Дни суда, вынесения приговора и казни отца прошли, как и все обычные мрачные школьные дни на севере. Танки Гитлера прокатились по Польше и Бельгии и рвались во Францию. Все были одержимы новостями, и мальчик, которого теперь звали Джош Агниц, газеты видел. Он помнил где – на автобусной остановке, в магазине, – помнил, что в обоих случаях его тошнило и его отшлепали за нечистоплотность. Лица отца и Адольфа Гитлера были на одном развороте. Маковен отказывается признать себя невменяемым. «Господь повелел мне. Грядет катастрофа». «Мне было велено приблизить спасение». И позже: «Маковен не будет подавать апелляцию». «Я готов к повешению». Джошуа вспомнил шею отца в подвале. Ни тетя, ни газета не дали знать, когда повешение состоялось. А хотел ли он знать? Боялся. Сразу после военной сводки тетя выключала радио, быстро-быстро, заслышав его шаги, и он подозревал, что она что-то скрывает, не дает услышать. В течение долгих недель и месяцев он ни с кем не разговаривал. Изредка, уже будучи взрослым человеком, он хотел обсудить с другими железную решимость тети сохранить нормальную размеренность его томительных дней. В определенном смысле она была достойна восхищения. Ей хотелось, чтобы он стал обычным, неприметным, заурядным. Ничем ее бесцветное лицо-маска не выдало мальчику, что тот день был не таким, как все, что произошло нечто непоправимо ужасное.
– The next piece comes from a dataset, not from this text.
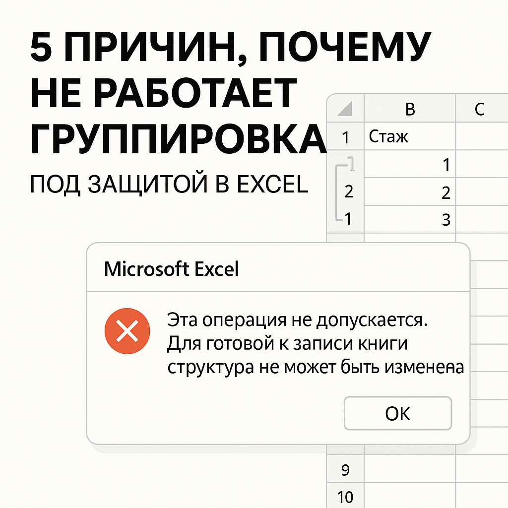Группировка не работает в защищённой книге Excel? Объясняю просто и профессионально: почему ломается структура, как правильно включить вкладку «Структура», какие настройки защиты нужно активировать, почему обычная защита листа блокирует группировку, как это исправить и какой VBA-макрос использовать для автоматизации. Пошаговая инструкция, примеры, практические советы.

Иногда, в очередной больнице или церкви, ему казалось, что он помнит, как навещал отца в камере смертников. Точно помнил, как в голове грузного паренька бушевали сомнения, споры о том, надо ли навестить отца, повидаться ли с человеком, который был еще жив и которого скоро не станет. Как смотреть друг другу в глаза, зная обо всем? Отчетливо запомнилось: человек за черным столом, молчаливые, недвижные, шумно дышащие охранники, чашка дрянного чая, отец не может сделать ни глотка, дрожащее горло. Вспомнил, как увидел отцовскую Библию – его собственную, с мягкой обложкой из кожи и простым позолоченным крестом, – и порадовался, что у того есть здесь что-то свое. Вспомнил окно под потолком, маленький источник серого света в черной тени (иногда бледно-зеленой) – будто то самое круглое отверстие над угольной ямой. В минуты просветления ему казалось, что встречи никакой не было, что она – плод мучений бедного мальчика, его религиозного чувства, воспитания, в силу которых он должен любить, уважать и прощать своего отца до седмижды семидесяти раз и разделять с ним страх, чтобы как-то помочь ему в этот страшный час. И словно темная волна набегала на каменный берег: вспоминались мертвые тела на кровати, запах, позорное замешательство. Тем двоим уже не помочь.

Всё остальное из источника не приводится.